Task instructions
Repeat everything in the listing exactly, except for the images.

Data segment
# # #

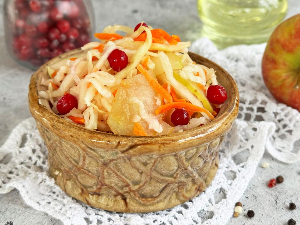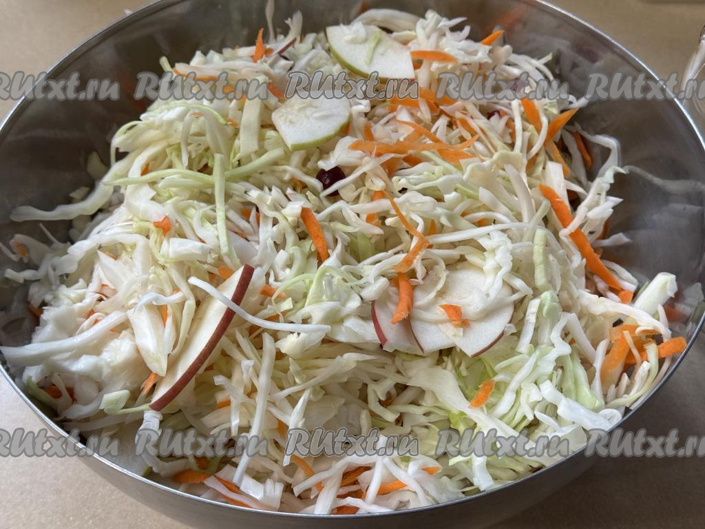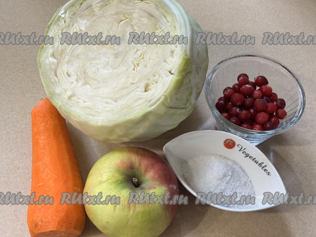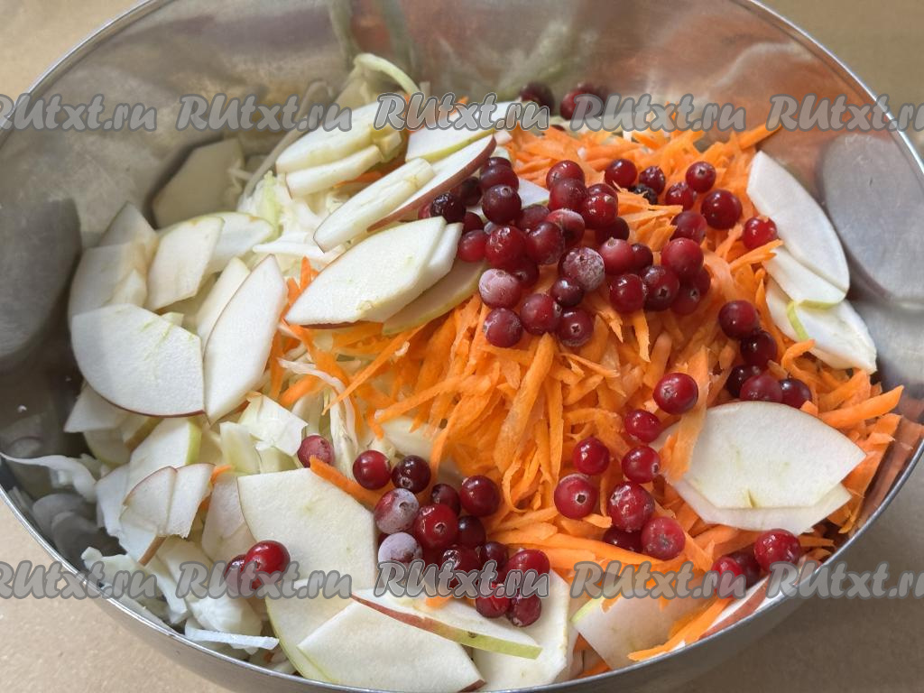 В миску с капустой выложить яблоко, морковь и клюкву.
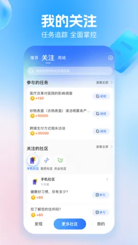 2、能让用户通过完成各类趣味小任务或品牌任务,更好地探知自我,与同行交流行业经验,探索未知领域,在自我成长和助力行业的同时获取额外收益。
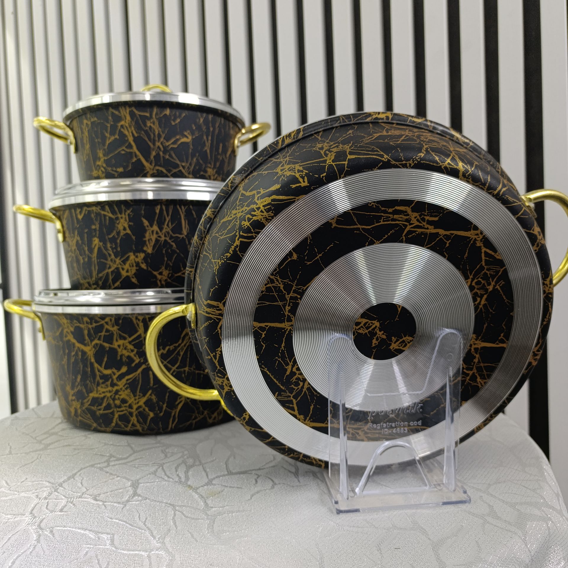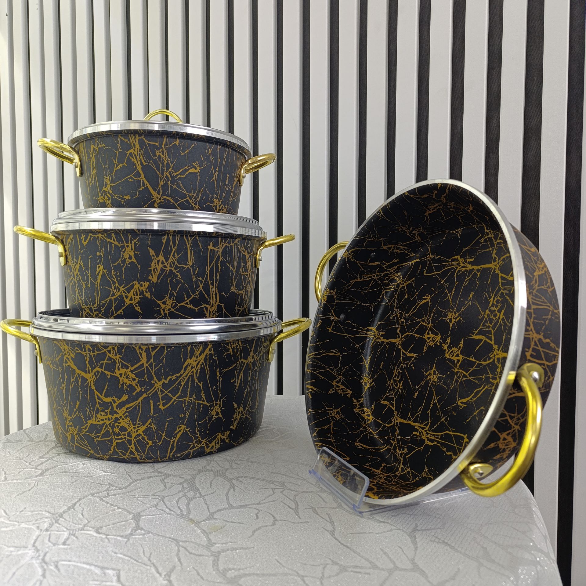 سرویس قابلمه 14 پارچه ماربل زرفام رنگ مشکی و طلایی

# # #

Task output
 В миску с капустой выложить яблоко, морковь и клюкву.
 2、能让用户通过完成各类趣味小任务或品牌任务,更好地探知自我,与同行交流行业经验,探索未知领域,在自我成长和助力行业的同时获取额外收益。
 سرویس قابلمه 14 پارچه ماربل زرفام رنگ مشکی و طلایی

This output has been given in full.